Finding grasshoppers

In 2010, Hill was walking through a cedar glade in Nashville—a habitat that’s been studied since the 1800s—when a grasshopper caught his eye. It didn’t match anything he’d seen before. He took it back to the lab, placed it under the microscope and compared it with existing collections and literature.

It turned out to be the first new species the then-graduate student would discover. Though it’s happened 49 more times, he claims that first was just pure luck.

“Definitely serendipitous,” he said with a laugh. “There’s a ton of research I do beforehand now. But that day, I just walked into the glades, and it was the first thing I saw.”

After that, he was hooked. He soon discovered enough new species that he started to run out of names. This led him to one of his most noted discoveries: a new Texas hopper he named in honor of one of America’s greatest country music icons.

Melanoplus nelsoni, named after Willie Nelson, was discovered in prairies and grasslands throughout central Texas. Belonging to the Melanoplus genus, one of the largest groups of American grasshoppers, Hill named the new species in honor of the style of music he and his field crew listened to while driving from site to site.

Finding a unique species is a rigorous process, he said. Governed by the International Code of Zoological Nomenclature, every species must be justified, have its differences described in detail and a “type specimen”—the gold standard for that species—designated.

“That one specimen becomes the reference for the whole species going forward,” Hill explained.

Though tasked now with paperwork, teaching courses and managing a team of graduate and undergraduate researchers, fieldwork remains his first love—especially with company.
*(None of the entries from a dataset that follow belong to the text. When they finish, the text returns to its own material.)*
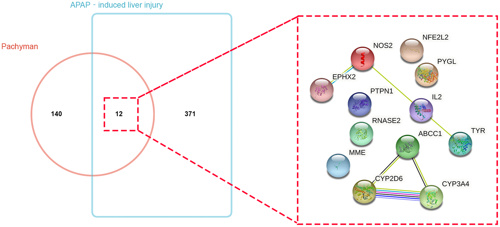 Figure 1. Bioinformatics and Venn mapping analyses showed 152 and 383 respective genes in pachyman and APAP-induced liver injury, and 12 intersection genes were identified and gene interaction network diagram of 12 potential targets was visualized.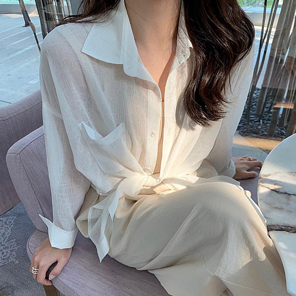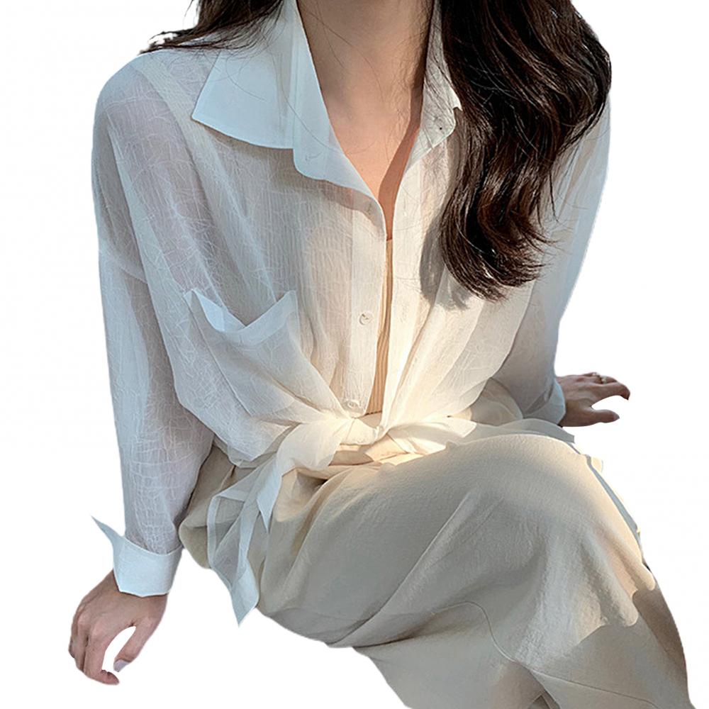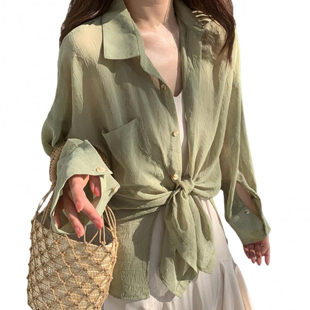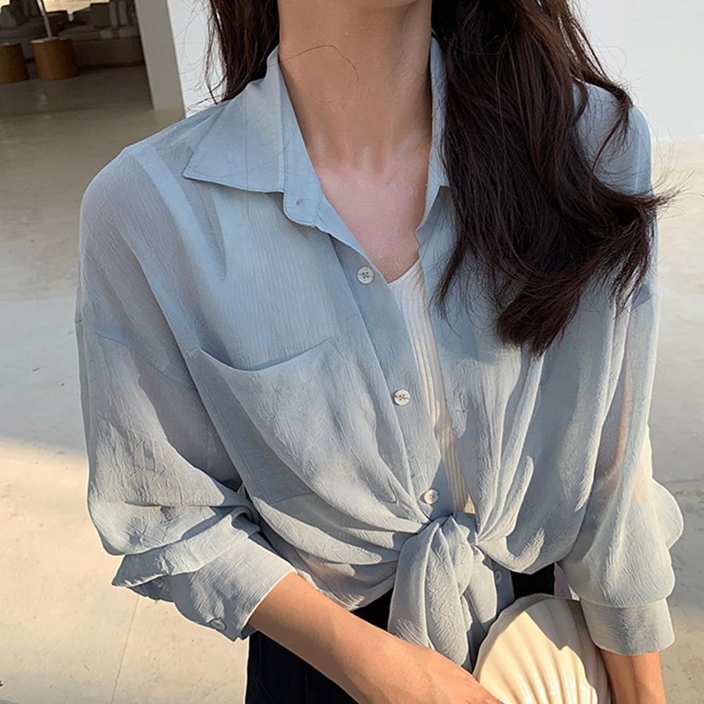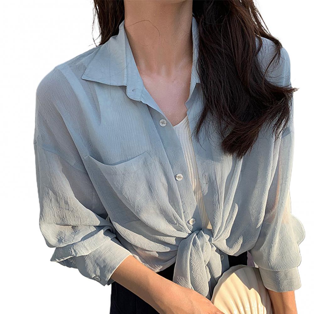 Женская Тонкая блузка с длинными рукавами и отложным воротником и карманами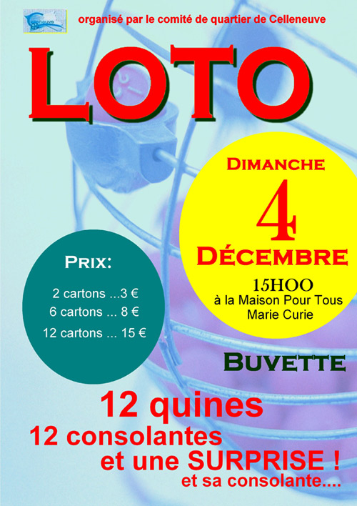 Loto 2011 de Celleneuve - 4 décembre 15h00 - Maison pout tous Marie Curie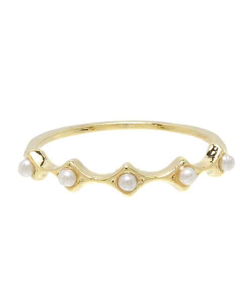 who’s who Chico(フーズフーチコ) 5連のパールが印象的なデザインリングです。肌に馴染みやすいゴールドに、小ぶりなパールが可愛らしいアイテムです。存在感があり、コーデの仕上げにプラスして頂きやすいリングです♪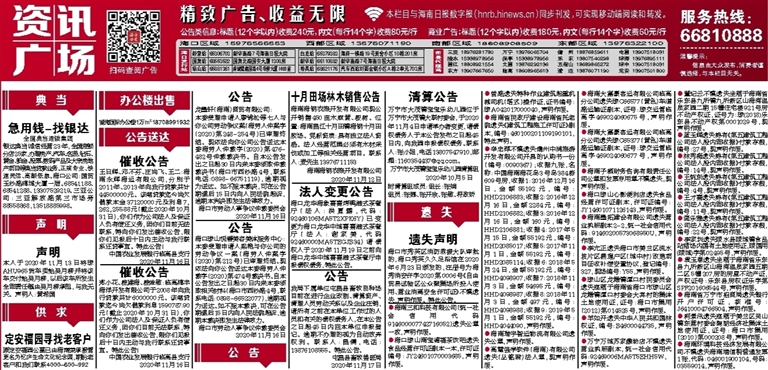 王日辉、邓不芬、庄尚飞、王二:海南永辉海运有限公司,分别于2011年、2013年向我行贷款共计44500000元。该笔贷款迄今尚欠借款本金37120000元及利息7,262,255.88元(截止2020年10月31日),你们作为公司法人及保证人负有偿还义务,因你们目前无法联系,特向你们发出催收公告,限你们见报后十日内主动与我行联系还贷事宜。特此公告!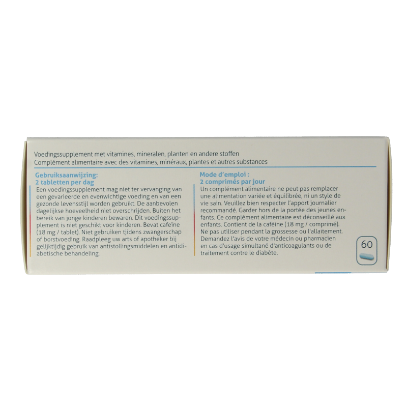 Een gevarieerde, evenwichtige voeding en een gezonde levensstijl zijn belangrijk. Een voedingssupplement is geen vervanging van een gevarieerde voeding.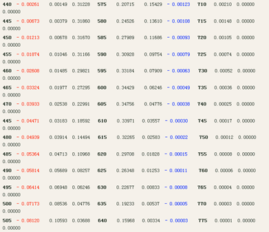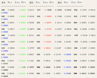 通過這一段分析可以看出,從546.1nm到690nm這一段,b的數(shù)量是由0開始增加,之后又減少,到了690nm處的時(shí)候減少到0。顯然b在這區(qū)間內(nèi)肯定要有一個(gè)*大值?,F(xiàn)在,我們來看一下“光譜三刺激值”表中的546.1nm到690nm這一段,其中起輔助作用的光的“藍(lán)原色”的數(shù)量的變化(即,藍(lán)色三刺激值的變化),不*是這樣的一種情形嗎?它有一個(gè)*大值*發(fā)生在545nm處,數(shù)值的大小是0.00138(在表中我們對這個(gè)*大值中的138標(biāo)了黑色,目的為了便于重新查找它。至于這個(gè)“刺激值”的負(fù)號(hào)來源,也*無需再作解釋了)。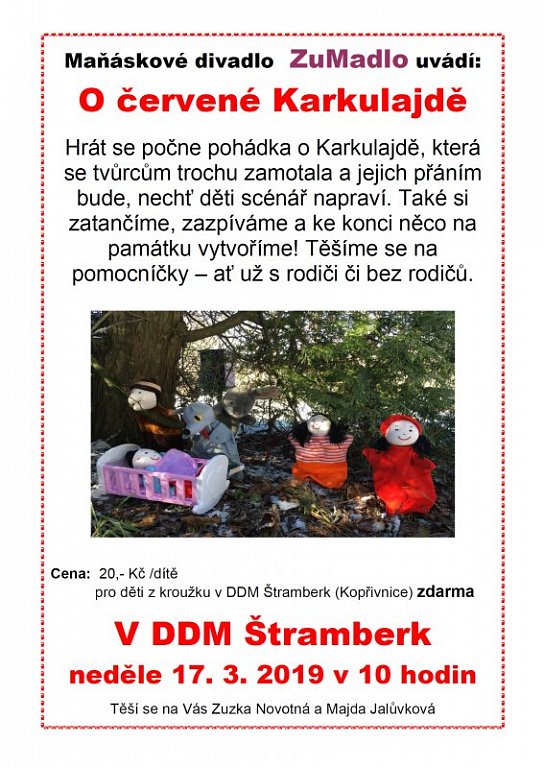 Štramberk 17. 3. 2019 od 10:00 DIVADLO: O ČERVENÉ KARKULAJDĚ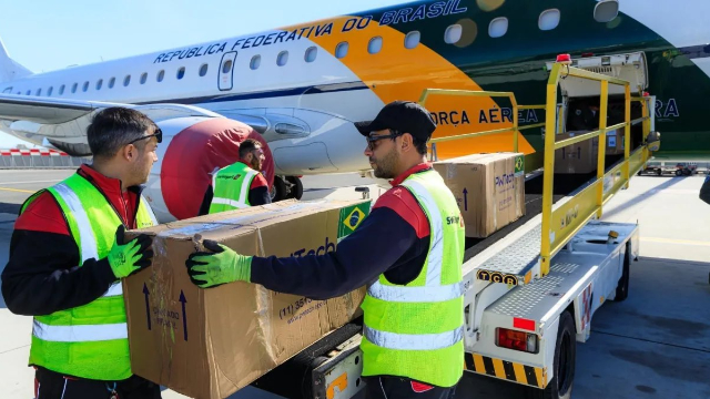 A aeronave também leva 40 purificadores de água portáteis, além de dois kits de medicamentos e insumos enviados pelo governo brasileiro, para atender à situação de emergência na Faixa de Gaza, que vem sendo bombardeada por Israel desde 7 de outubro.
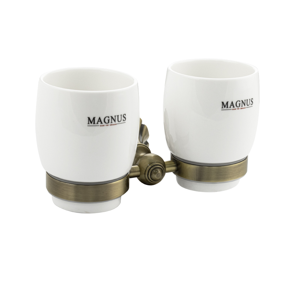 Стакан + стакан керамические с креплением к стене, правильной формы на основании. Изделие выполнено из белой керамики и металла. Материал изготовления — латунь. Бронзовое покрытие очень стойко переносит истирания и обеспечивает стильный вид изделия. Идеально подойдет не только для ванной, но и для кухни. Изделие крепится к стене с помощью дюбелей и саморезов (входят в комплект). Габаритные размеры: высота стакана 95 мм, диаметр 75 мм, ширина 180 мм, основание 65 мм. Вес - 0,900 кг, объём - 0,00297 м3.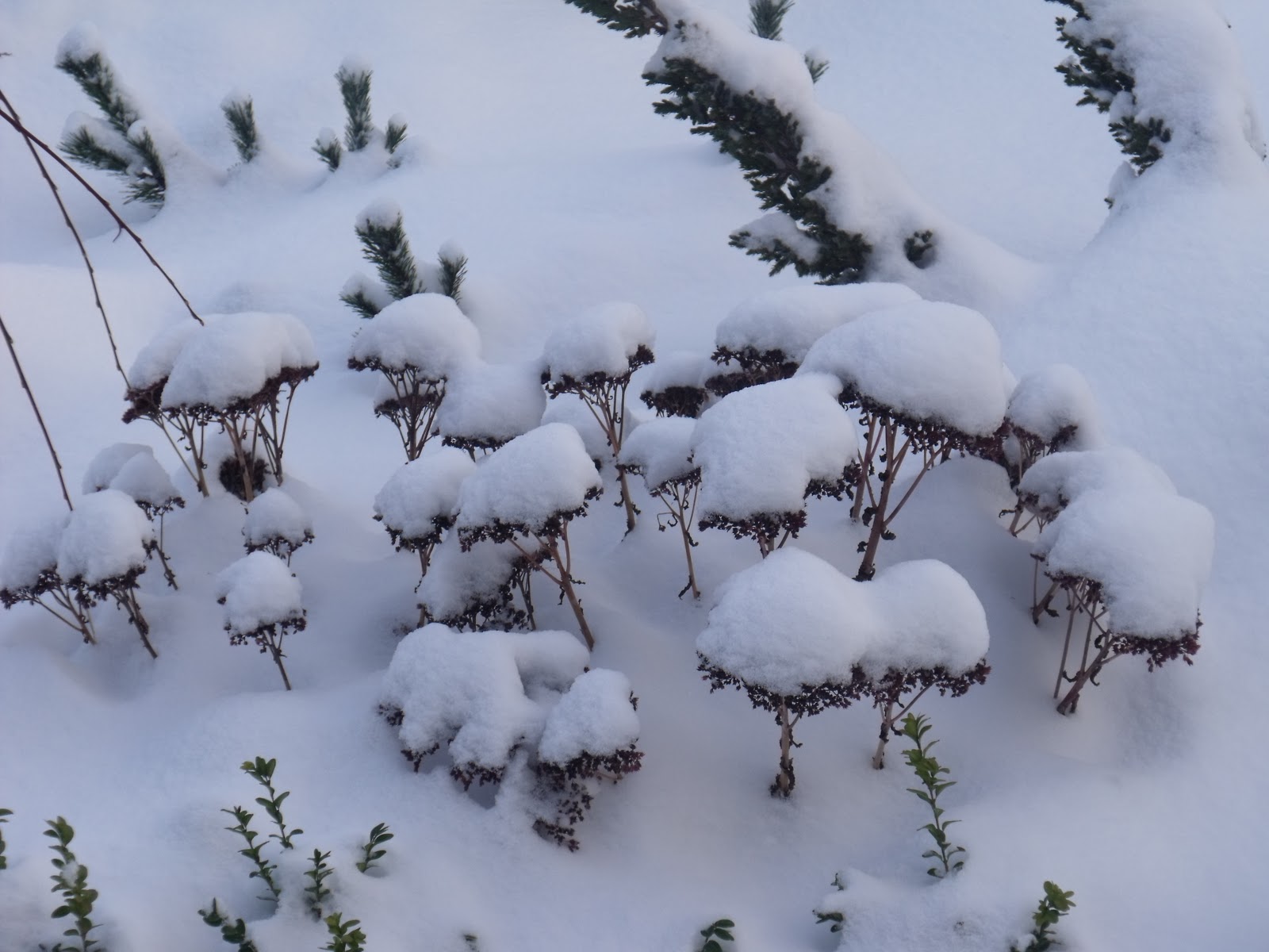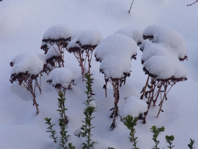 Jak tu nie uwielbiać rozchodników. W każdym momencie roku są wspaniałą ozdobą. Tu w śnieżnych czapeczkach: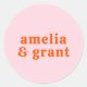 Adesivo Redondo Fonte Retro Laranja e Rosa Casamento Moderno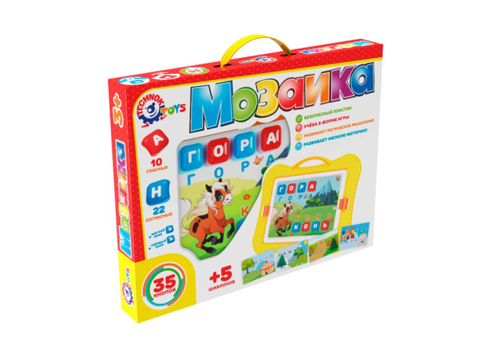 У "Мозаїці ТехноК" є все для цікавого дозвілля та ефективного навчання. На велику яскраву валізку з ручкою кріпиться пластикове поле з отворами. В комплекті - 35 кнопок з нанесеними буквами: 10 голосних та 22 приголосних, мякий знак, твердий знак. Колір кнопок підібраний спеціально до букви - голосні на червоних, а приголосні на блакитних.

“I just recently went on a trip to North Georgia by myself. It wasn’t nearly as fun,” he said. “Catching grasshoppers is great, but being out there with my staff and students, that camaraderie and mentorship, makes it twice as fun.”

Helping others

A three-time MSU graduate, Hill said he wants to emulate the impactful mentorship he felt as an undergrad. Being able to pique students’ curiosity and help them find paths to success is just another aspect that makes his job incredibly worth it.

“I love finding ways for others to succeed,” he said. “I always felt I was very fortunate because Dr. Brown reached out to me about graduate school. I felt that I was in the right place at the right time. But that wasn’t it.

“He didn’t grab the first person that walked by. He saw something in me,” Hill continued. “Now I’ve been able to do that and there’s no better feeling than seeing somebody grow and mature, and plugging them into the right thing.”

What his predecessor and mentor did for him, Hill has passed on to museum research associate and Starkville native Shelby Grice. As an undergrad, Hill helped her land a student-worker role, where she quickly fell in love with taxonomy, the science of describing and classifying organisms.

“This was something I could really sink my teeth into,” Grice said. “It’s such a deep field. Surface knowledge doesn’t even begin to explain it.”

Grice remembers her first time in the field—sweeping Sumter Prairies in Alabama. She found a specimen she recognized, but it was one that Hill, despite visiting the site countless times for 20 years, had never encountered in the region.

“I’d never seen a more flabbergasted look on his face,” she said with a laugh. “It ended up being a new state record for Alabama. It was funny to both of us that on my very first trip, I’d make this discovery. Just like he did as a student.”

Along with other graduate students, Grice has traveled with Hill across the country, stopping in Texas and Arizona, collecting specimens, and making pit stops to stretch their legs and sweep through roadside grasslands just in case something interesting was hiding there.

“No matter where we were, everything we found in the field, JoVonn knew,” Grice said. “He could tell us their entire background. He comes out in the field with his utility belt and supplies and looks just like Batman.”

But for all his experience and discoveries, she said, Hill remains humble.

“He doesn’t brag at all,” she said. “He’s very good at what he does, and he’s made a ton of discoveries that have contributed so much to Mississippi State. It feels surreal to work and learn from him. I’ve made all these connections in entomology because of him. He’s the reason I’m here.”